What is most interesting is their focus on the 42cm contralto viola. This was still a relatively rare instrument in 17th century Italy, most makers favouring the tenor size, with a back length of over 43cm. Any form of viola in fact is quite rare in this period, most makers all but ignoring the middle voice of the violin family. There are two rare contraltos by the brothers Amati from the first part of the century, Stradivari made his first contralto model in 1672, and Andrea Guarneri followed suit with smaller violas made in 1676 and 1690. The Grancini made at least six such instruments on a form quite closely matched to the Guarneri form, but if the few original labels are to be trusted, pre-date them by up to a decade. Even more intriguing is that violins attributed to the Grancino brothers are relatively rare, and cellos all but unknown. By some quirk of circumstances in Milan in the late 17th century, the Grancinos seem to have become specialist makers of contralto violas.

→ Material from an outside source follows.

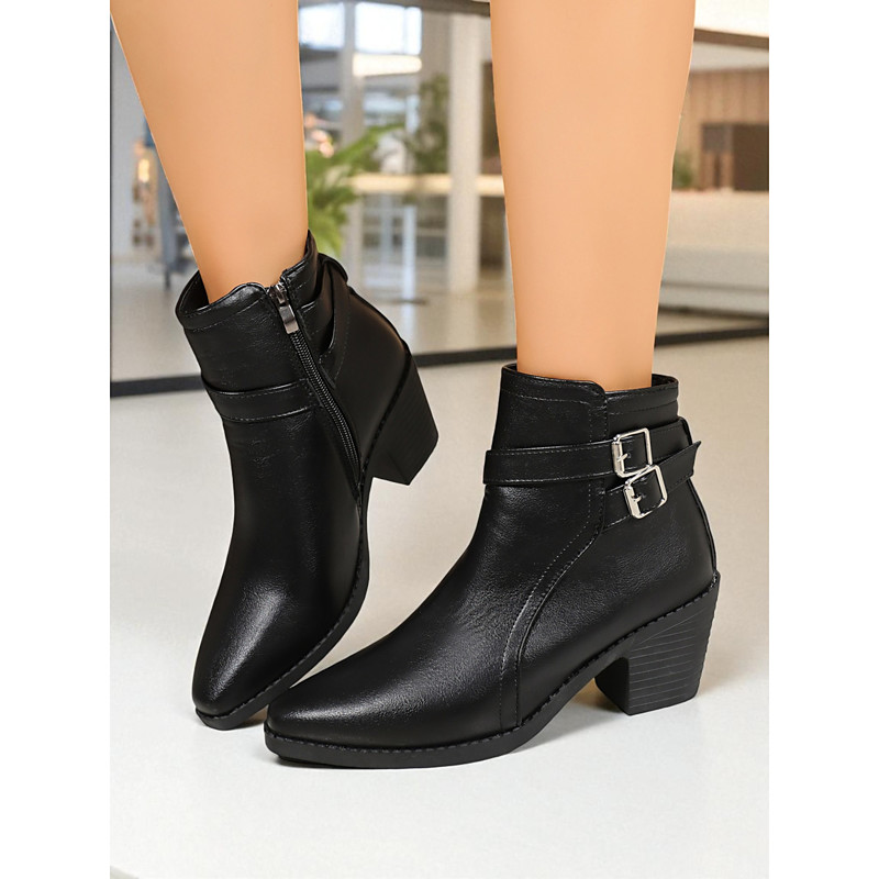 Women's Brown Faux Leather Ankle Boots – Stylish Buckle Strap with Zipper, Block Heel, Office and Casual Wear

This example is a very typical one. The workmanship is robust but accurate. The modelling owes a great deal to the earlier Brescian masters of the viola, Gaspar da Salo and Maggini, with a full, rounded arching, but the details of finish and design are very much Amati-inspired. The head is quickly and unevenly cut, but has the energy and character of all the best Italian work. The soundholes have a distinctive swagger, with the nicks placed high up on the arm, adding to the slightly unbalanced effect. The varnish of this viola is spectacular; on the back it is particularly well preserved, with a strongly crackled surface and a rich, dark ruddy brown tint, anticipating that of the great Venetian makers of the eighteenth century.

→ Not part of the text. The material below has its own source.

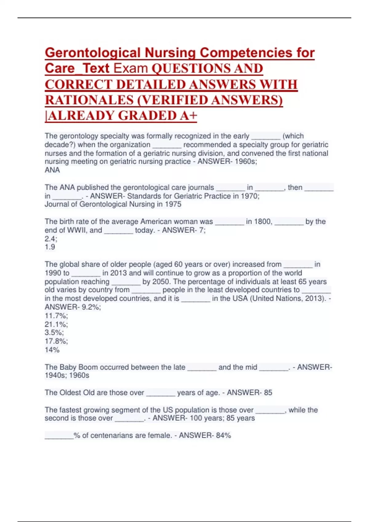 Gerontological Nursing 2023 Exam Questions Correct Answers

This size and form of viola is ideally suited to modern performance, and such an early example is a great treasure of instrument making. After Francesco relinquished his place in the workshop for unknown reasons in about 1670, his brother Giovanni Battista carried on alone, developing a much more delicate and personal style, with low elegantly scooped archings in the Amati style, and very Stradivarian soundholes. The varnish he used was a very clear yellow-gold, quite different to the previous recipe. He made only one or two violas with his own label.
Plays G. and F. Grancino 1665
Violist Ida Bryhn (b. 1981) is principal viola of the Norwegian Chamber Orchestra and also teaches at the Norwegian Academy of Music. She has performed at most major concert halls in Europe and the US.